The success of the vaccine programme has been behind the surge in activity since the economy began to reopen on March 28. Restrictions have since been eased further, with bars and restaurants open outdoors and retailers, gyms and hairdressers open again.

Jefferies’ “economic activity radar” has risen to 87 per cent of pre-Covid levels, an increase of three points since last week to its highest point since March last year.

Mobility data was the biggest driver of the improvement, with an 11 point rise in public transport usage to 89 per cent of pre-crisis levels, “the highest since the start of the pandemic by a large margin”, Jefferies said. Car use was above pre-Covid levels.

Companion datasets for Europe and the US have also been strong, it said, as businesses and households prepare for more normal trading. Total job listings in the UK are at their highest point since the pandemic hit.
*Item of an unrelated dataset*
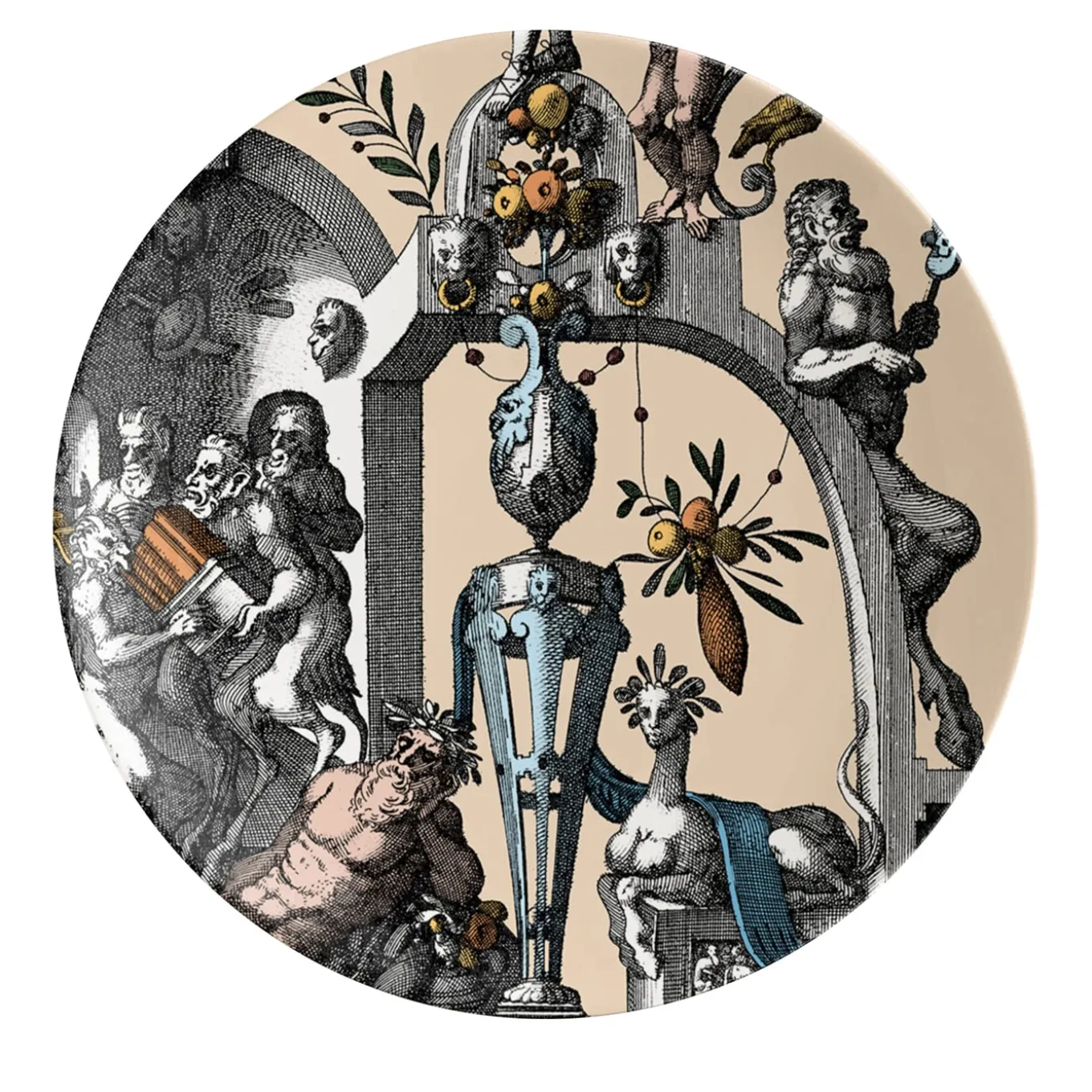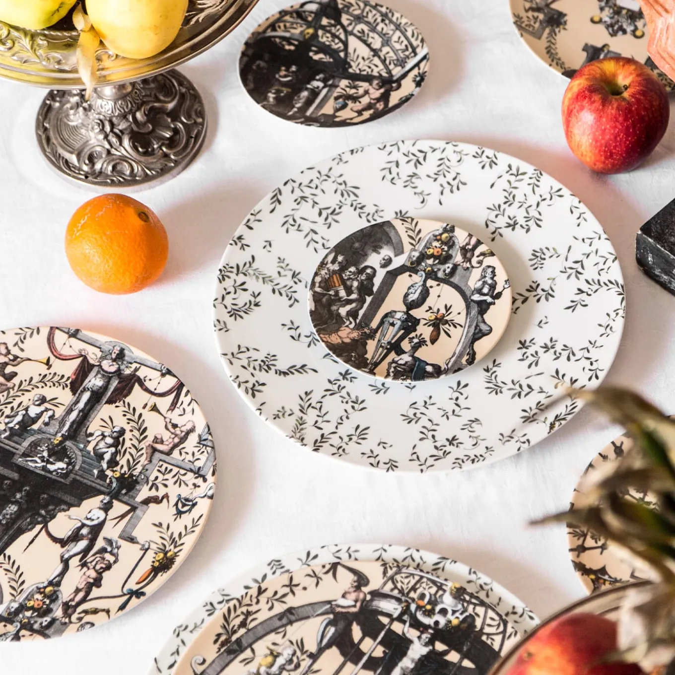 The new Pompei porcelain collection brings back the Grottesche wall decoration in a contemporary key. Ancient designs are taken and declined on the different formats of the mise en place in such a way as to create elegant and unique plays of overlapping. Natural elements, anthropomorphic figures, jewelry and architecture come together to create stories, decorations and geometries. This collection manages to be transversal, adapting to both regal and elegant tables and more formal settings.

At its monetary policy report next Thursday, the Bank will reassess its forecasts in light of the strong recent retail sales and activity data, as well as the impact of the chancellor’s £59 billion stimulus package this year, including corporation tax super-deduction for investment in plant and machinery.

It may also update its estimate of consumer spending — it currently expects households to spend only 5 per cent of £150 billion of excess savings.